Friday, August 17, 2012

Explosions in the Sky - The Earth is Not a Cold Dead Empty Place




I remember that there was a time, not very long ago, I must point out, when I really disliked TEINACDEP. But along the way, I don't know what happened, but something must have clicked, because now I simply abhor it with all my heart. I loathe it as if it were an actual part of what defines me as a human being and an individual. It completes me, just like my suicidal tendencies. While I have to appreciate Explosions in the Sky's ability to make music that flares up such strong emotions within me, I get the impression that anger, tedium and disgust aren't the ones they were going for. And with those words read, you hereby accept that what you're currently digging into is a rant. You don't have any reason to subject yourself to the torture that is this album, unless it's your thing. And you also don't have any reason to subject yourself to the cliché of reading a rant on the internet now that I've provided you with this helpful warning, now ain't that nice of me? Anyway, this album makes me pissed in ways that those who intend to make the listener pissed could never even imagine considering the possibility of dreaming of achieving, and this review is a homage to that.

But before we actually further analyze my opinions, I suggest we make a quick shout out to what I imagine the fans of this endless desert of sugar, spice, and everything boring are like. Let's introduce my experience with this album via a memory of past events that I have:

It was dark outside, which coincides with the luminosity quotient one would expect from around 2:00 AM, and, consequently, the time of this memory, which happened at around 2:00 AM. I had decided to expose myself to the Explosions in the Sky release I had on my iPod at the time, for shits and giggles. And before I even begun listening, I noticed how the titles of the second and third track didn't fit on the tiny screen so I allowed them to scroll, at which point I was enraged to find out that I had correctly predicted “Alone” and “Ocean”, respectively, to be the last words in the titles.

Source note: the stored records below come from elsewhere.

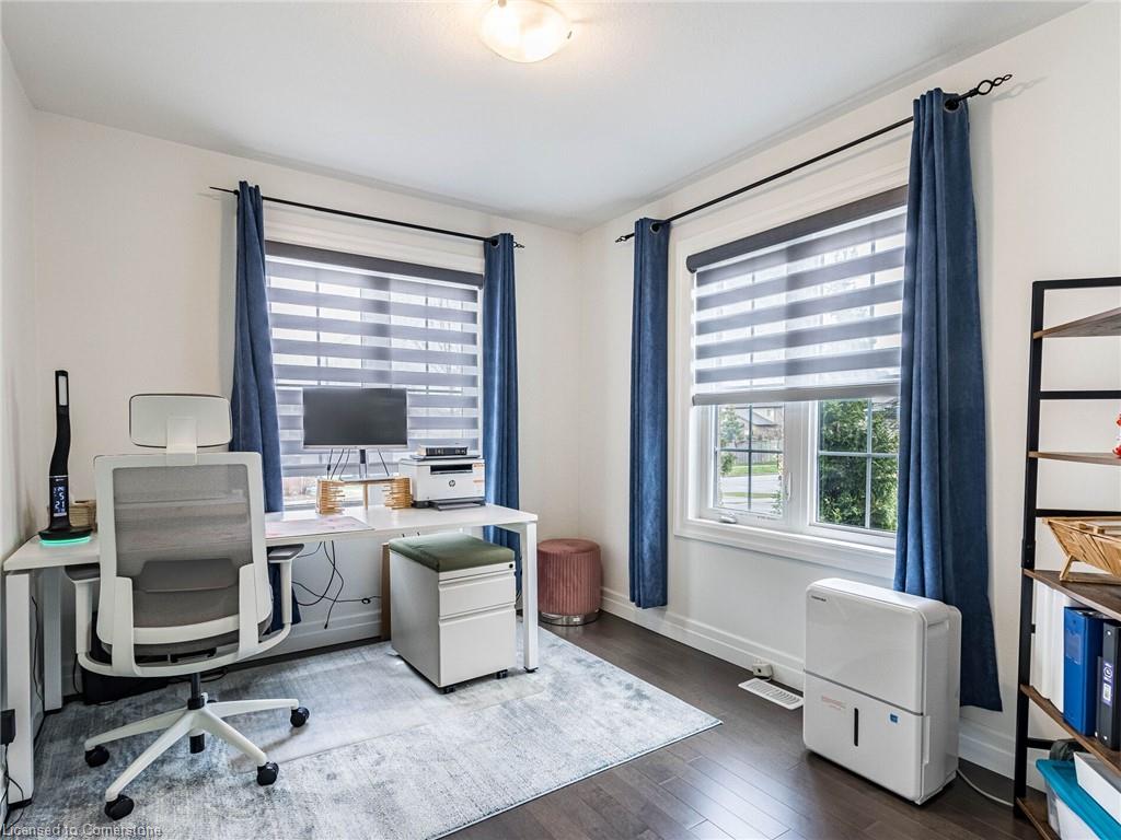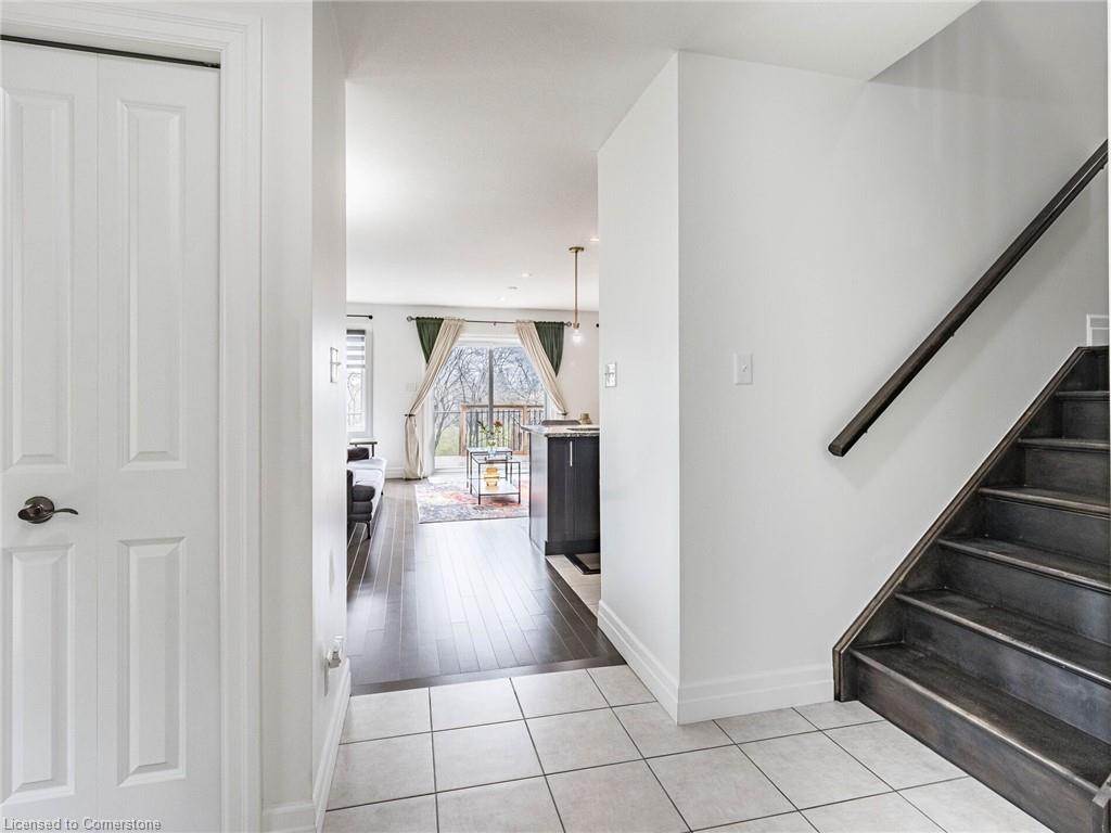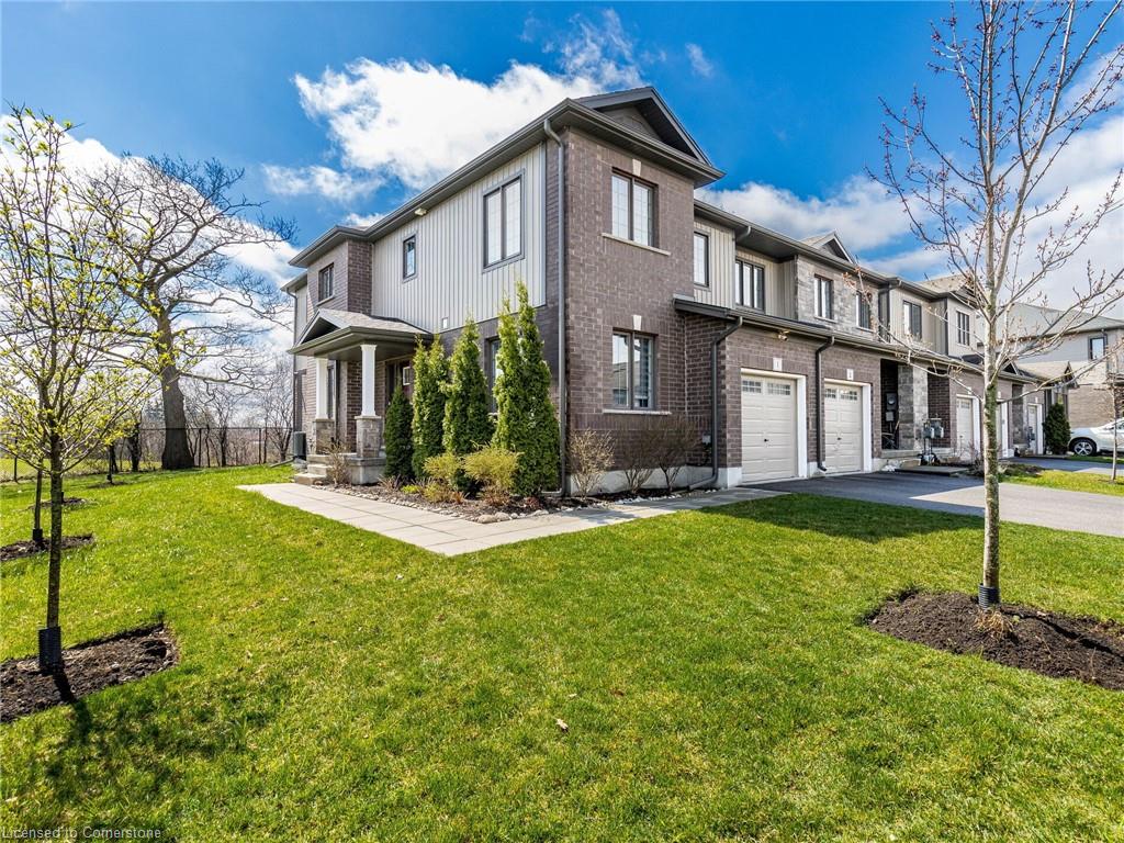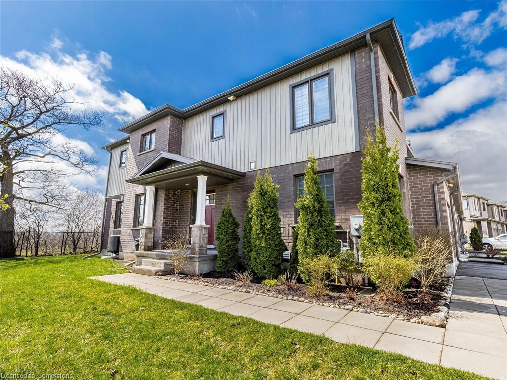 This is a stunning executive residence in the upscale community of Highland Ridge, located in one of the most desirable areas of Cambridge, Galt West. It has a prime location and is just a few minutes away from the 401 highway. The house offers a gorgeous floor plan from Freure Homes, featuring an open concept and a 1,822 sq. ft. end unit townhouse that feels like a semi-detached home. Ample living space. The builder model home features beautiful hardwood floors throughout, no carpet, and a walkout deck from the family room that offers stunning views of the ravine. The large main bedroom upstairs also features these views, providing a tranquil and peaceful setting. It has a five-piece en-suite, his and her sinks, and a spacious walk-in closet. Additionally, two bright bedrooms are upstairs, with plenty of space and a shared main bathroom. The convenience of a 2nd-floor laundry adds extra convenience to this beautiful house, along with the upgraded maple cabinets in the kitchen with undermount lighting and a microwave shelf. A main floor office/den for anyone working from home, but can be easily converted into a bedroom. ESA approved a backup Generac generator panel professionally installed in the basement for a power failure. Generator not included. A minimum starting 10,000W/8,000W running watts generator is required to support rooms connected to the electrical panel.
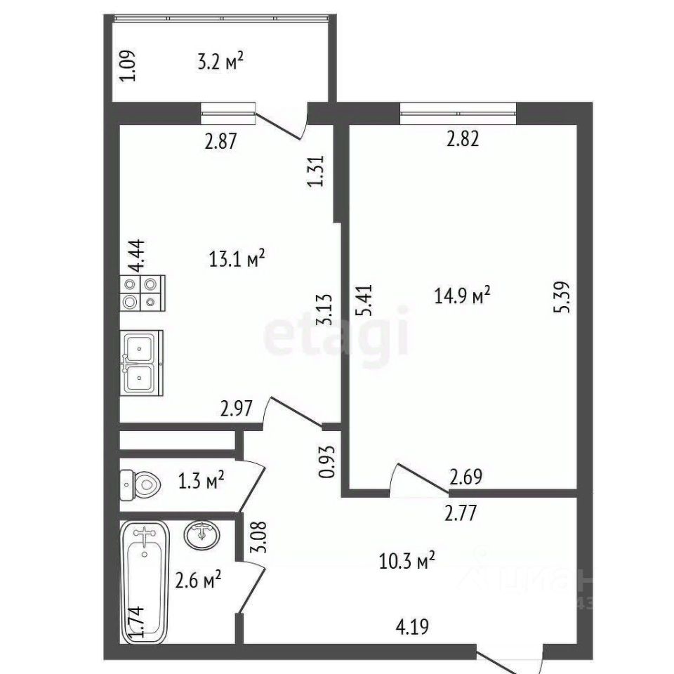 Площадь: 42,2 м²
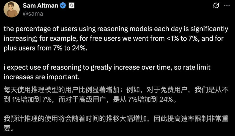 过去,超过99%的免费用户,从未用过类似o3的深度思考模型;如今,对他们而言,ChatGPT迎来的是「质变」。甚至奥特曼发文庆祝推理模式太火,要限制试用次数!

Now, wasn't that fun? So why did I fume upon predicting those two words? It's not like Death Metal song titles are all that surprising either, and yet it remains as my favorite genre of all time and I can't help but praise it and get all tickly inside upon the mention of the word combination. Well, not tickly per se, I'm way too absent of a heart of the [(x^2 + y^2 – 1)^3 – x^2 y^3 = 0] kind for that, but let's pretend, okay? Mostly it was because titles such as “The Only Moment We Were Alone” and “Your Hand in Mine” are reminiscent of a mindset that I completely disagree with, one that advocates complete passivity, the thesis that emotion trumps rationality and the notion that one can justify a decadent lifestyle via the possession of glasses that boast rims the scale and girth of an aircraft carrier and an arsenal of sweaters and overtight / overbaggy clothes to complete the “totally a serious and talented artist photographer / graphic designer” outfit. Essentially a mindset that values the kind of non-circulatory characteristics of the human heart that I positively don't have and therefore feel excluded.

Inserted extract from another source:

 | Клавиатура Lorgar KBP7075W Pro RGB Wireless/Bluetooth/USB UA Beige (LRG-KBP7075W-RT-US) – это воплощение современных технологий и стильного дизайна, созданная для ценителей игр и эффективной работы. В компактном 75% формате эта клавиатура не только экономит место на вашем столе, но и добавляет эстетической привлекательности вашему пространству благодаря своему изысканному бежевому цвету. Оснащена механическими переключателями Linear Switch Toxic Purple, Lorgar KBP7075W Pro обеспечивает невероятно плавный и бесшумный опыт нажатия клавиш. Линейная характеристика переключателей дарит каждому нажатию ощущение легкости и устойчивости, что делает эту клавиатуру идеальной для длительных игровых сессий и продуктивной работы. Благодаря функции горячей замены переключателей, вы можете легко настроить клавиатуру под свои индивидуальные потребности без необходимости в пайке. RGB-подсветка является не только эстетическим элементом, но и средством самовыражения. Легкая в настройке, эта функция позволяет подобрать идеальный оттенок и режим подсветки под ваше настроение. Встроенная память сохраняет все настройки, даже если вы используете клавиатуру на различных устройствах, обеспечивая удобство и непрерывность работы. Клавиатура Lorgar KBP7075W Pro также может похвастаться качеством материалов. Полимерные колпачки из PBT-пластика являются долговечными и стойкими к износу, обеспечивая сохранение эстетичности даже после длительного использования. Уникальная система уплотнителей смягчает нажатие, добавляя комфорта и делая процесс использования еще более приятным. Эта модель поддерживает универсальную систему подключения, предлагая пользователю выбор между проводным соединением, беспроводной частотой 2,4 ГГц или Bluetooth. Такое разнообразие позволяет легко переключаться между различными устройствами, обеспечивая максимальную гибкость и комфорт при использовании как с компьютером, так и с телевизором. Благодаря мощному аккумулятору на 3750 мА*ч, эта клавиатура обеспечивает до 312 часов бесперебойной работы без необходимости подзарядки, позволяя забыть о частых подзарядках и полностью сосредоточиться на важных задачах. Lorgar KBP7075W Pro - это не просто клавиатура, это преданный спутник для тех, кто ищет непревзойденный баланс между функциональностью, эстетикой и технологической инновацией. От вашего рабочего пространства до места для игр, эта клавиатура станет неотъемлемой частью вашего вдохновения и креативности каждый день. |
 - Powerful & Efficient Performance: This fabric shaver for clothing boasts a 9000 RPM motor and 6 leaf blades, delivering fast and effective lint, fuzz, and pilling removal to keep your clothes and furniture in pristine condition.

Sadly, Explosions in the Sky aren't Anal Cunt during their Picnic of Love period under a different guise, so this group also made sure that the music is consistent with such a mentality. The result is an album that sounds like the members lost the one testicle that they had between them in the good part of Dubai and now all they want to do is to stamp an Instagram filter onto their corneas, run around in open fields, eat chocolate and cry. You know the videos where they show 20-something-year-old female humanoid wads of crackerdom, armed with perfectly white teeth and clothing comprised entirely of things colored after different coffee to milk proportions? Those videos where these whitest of the white are shown exhibiting behaviors associated with people one third their age, only filmed in that week's fashionable developing country, in the rain, in the sun? Well, for every song except “Memorial”, that's not effeminate enough. The Notebook is Fight Club in comparison.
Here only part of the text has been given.